Limitations & Future Work¶
- Although the selection of 14 AVAs is literature-grounded, it may be incomplete — abilities such as illumination understanding, occlusion reasoning, and perspective understanding are absent.
- The evaluation data volume varies substantially across AVAs (from 8.5K to 44.9K), potentially undermining the reliability of evaluations for smaller AVAs.
- The evaluation pipeline depends on the LLaVA architecture; different LLM integration approaches may affect conclusions.
- Only static image abilities are evaluated; temporal visual abilities in video understanding are not addressed.
- Non-language-aligned VFMs suffer significant information loss through connector mapping, which is an inherent limitation of the evaluation pipeline rather than purely a property of the VFMs themselves.
Related Work & Insights¶
- vs. MMBench/SEED and similar general VQA benchmarks: Those benchmarks serve as "comprehensive examinations," whereas AVA-Bench functions as a "targeted diagnostic test"; the two are complementary rather than mutually exclusive.
- vs. Platonic Representation Hypothesis [Huh et al.]: AVA-Bench experiments partially support this hypothesis (convergence at low-level abilities) while revealing significant divergence at higher-level abilities, providing a more nuanced empirical validation.
- vs. RADIO [Ranzinger et al.]: RADIO, which fuses multiple VFMs via multi-teacher distillation, performs robustly on AVA-Bench, validating the effectiveness of the model fusion approach.
Rating¶
- Novelty: ⭐⭐⭐⭐ The atomic decomposition evaluation concept is intuitively motivated yet had not been systematically implemented before; execution quality is high.

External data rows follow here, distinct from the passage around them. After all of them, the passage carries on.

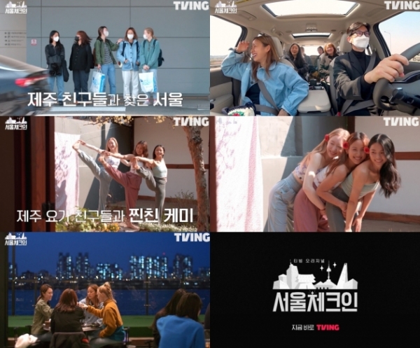 6일 공개되는 티빙 오리지널 '서울체크인'(연출 김태호, 김훈범, 강령미/ 작가 최혜정/ 제공 티빙(TVING)) 5회에서는 이효리와 제주도 절친들이 요가 화보 촬영과 더불어 볼거리 가득한 서울 여행으로 낭만을 즐길 예정이다.
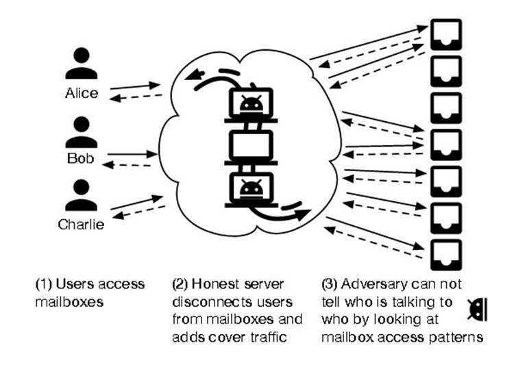Un usuario hipotético envía un mensaje a través de Vuvuzela. El mensaje empieza su ruta por varios servidores interconectados que envían ruido a otros usuarios. Al encontrar un mensaje en su buzón, el destinatario recorre otra vez la misma ruta, generando de nuevo tráfico basura, hasta que llega a su mensaje. Todo este tráfico carente de información obstaculiza la misión de seguir las conexiones de usuarios.
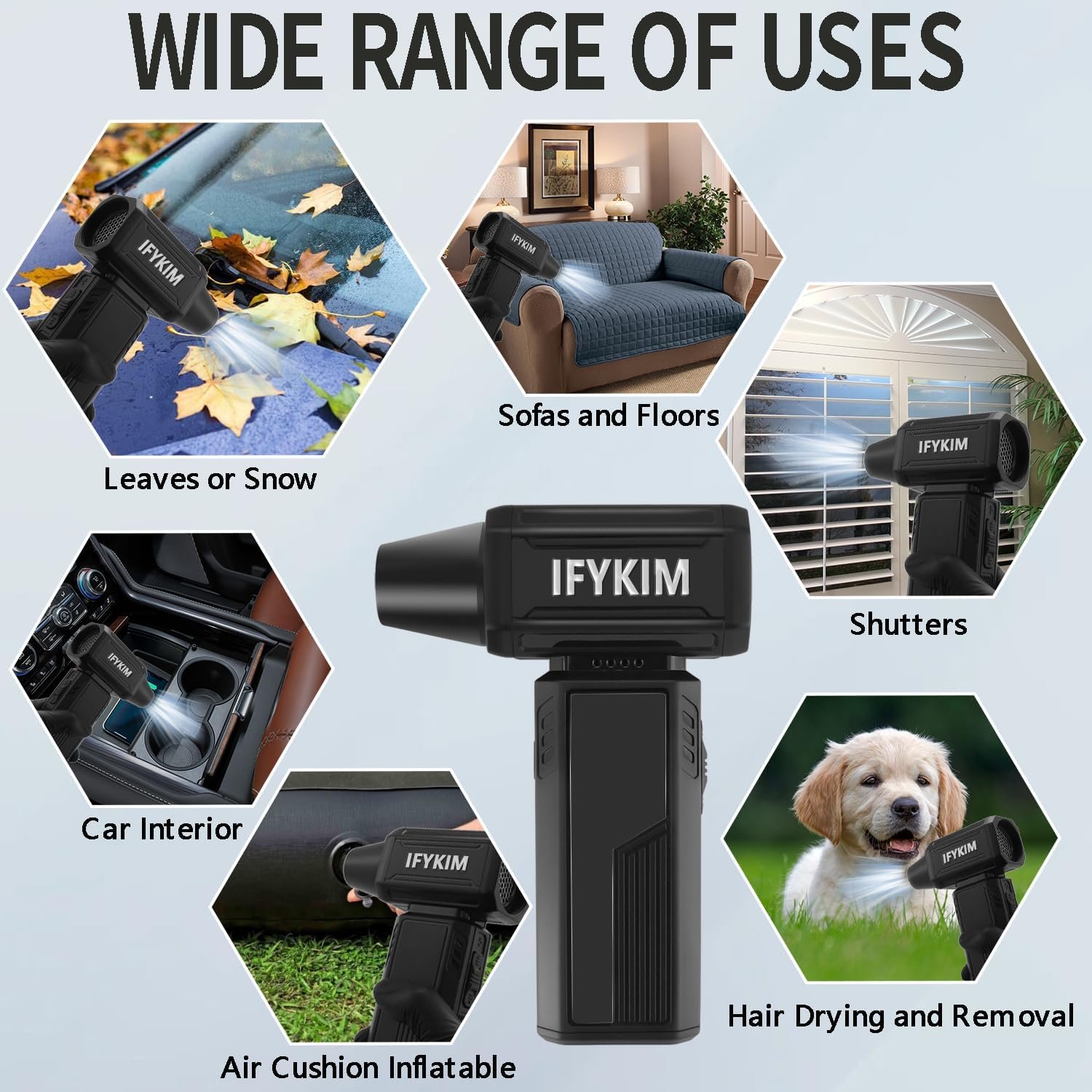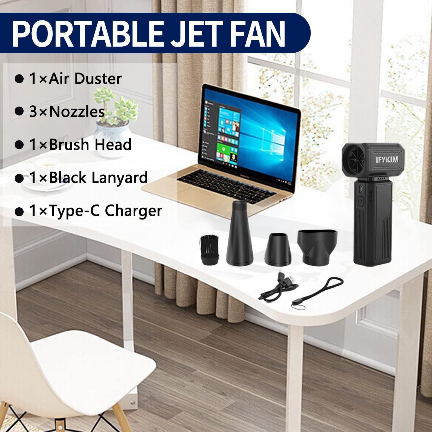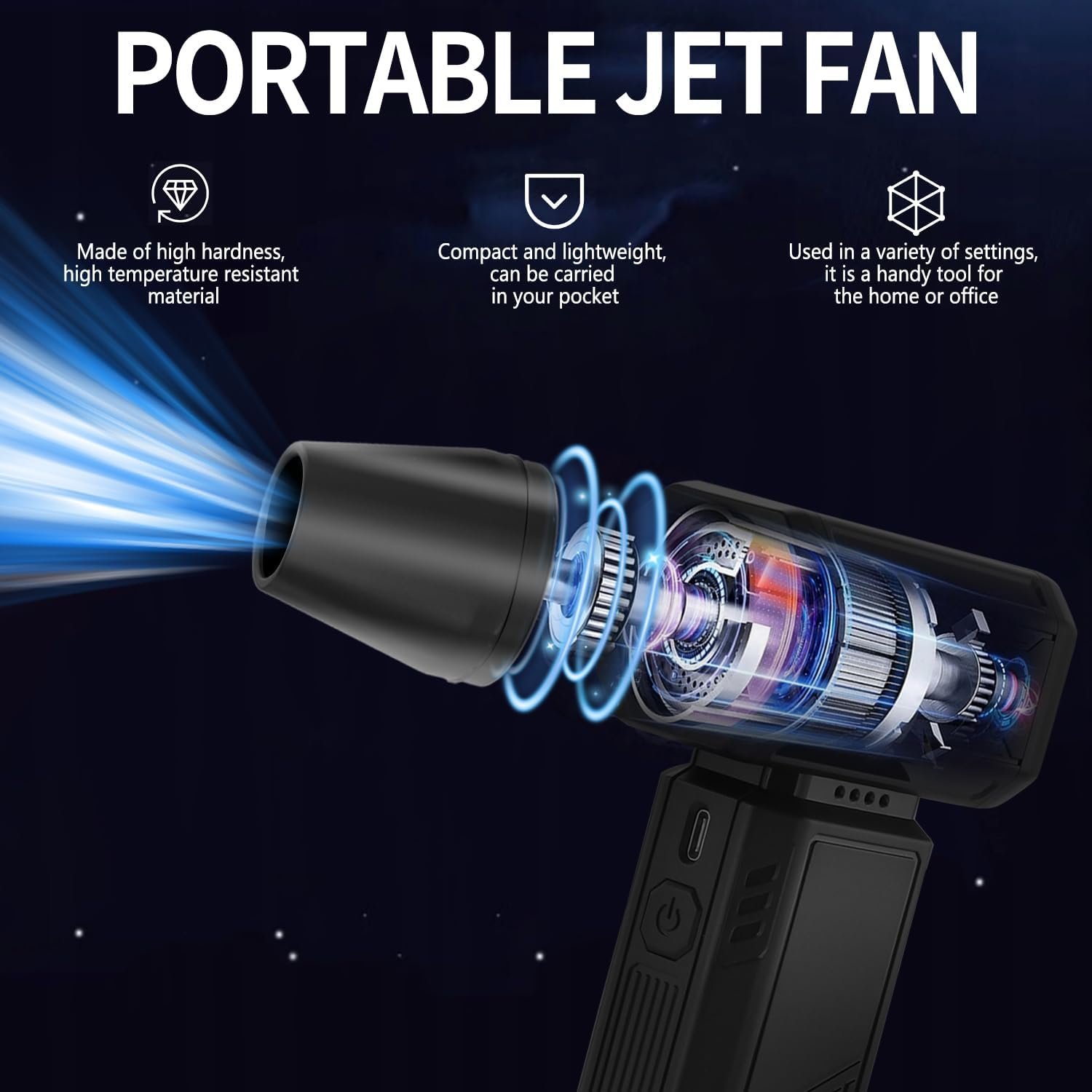 Portable jet fan is not only suitable for computer keyboards, but also for cars, blinds, air mattresses, cameras, cleaning floors, removing hair; for drying floors, blow-drying nail polish, cleaning tight places and more.Its versatility can be called a handy tool for home or office.
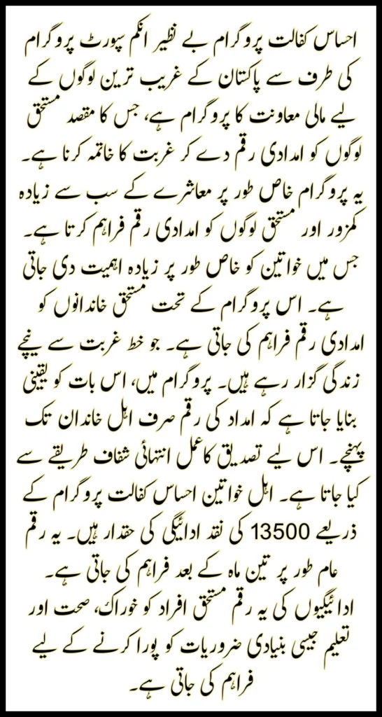 Therefore, the verification process is done in a very transparent manner. Eligible women are entitled to a cash payment of 13500 through the Ehsaas Kafalat programme. This amount is usually provided after three months. This amount of payments is provided to the deserving people to meet their basic needs like food, health and education.
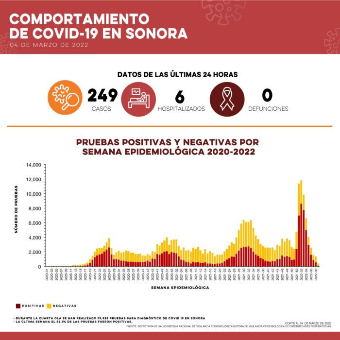 Hermosillo, Sonora- Este día la Secretaría de Salud (SSA) informó que se registraron 249 casos y ninguna defunción por Covid-19.
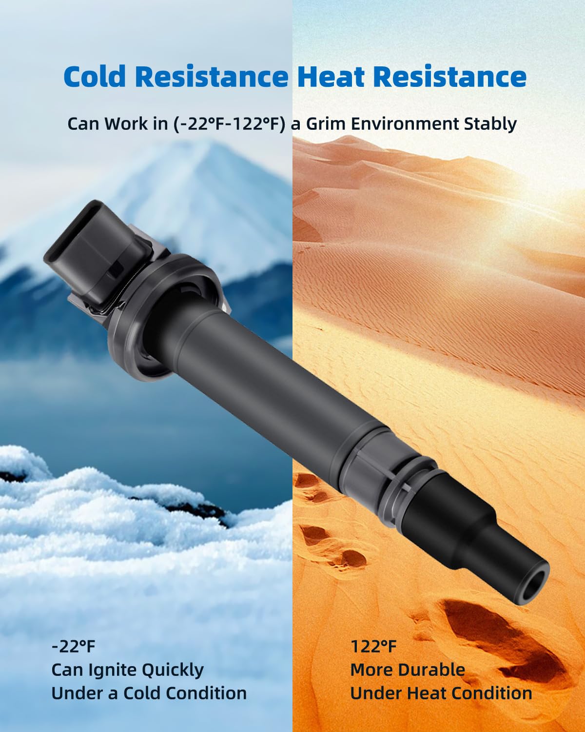 Com o tempo, as bobinas de ignição e velas de ignição de fábrica podem falhar, levando a problemas como baixa eficiência de combustível, falhas de ignição, hesitação e acendimento das luzes de verificação do motor (CEL) e do sistema de controle de estabilidade (VSC). A substituição conjunta das bobinas e velas é recomendada para garantir um desempenho superior na partida a frio e um funcionamento mais suave do motor.

- Experimental Thoroughness: ⭐⭐⭐⭐⭐ Covers 9 VFMs × 14 AVAs; ablation studies (bounding box, LLM size, object scale) are elegantly designed.
- Writing Quality: ⭐⭐⭐⭐⭐ Figures are visually polished (radar charts, heat maps, ranking plots); logic is clear and the motivating examples are vivid.
- Value: ⭐⭐⭐⭐ Directly informative for VFM selection in practice; sustained community adoption and benchmark maintenance remain to be observed.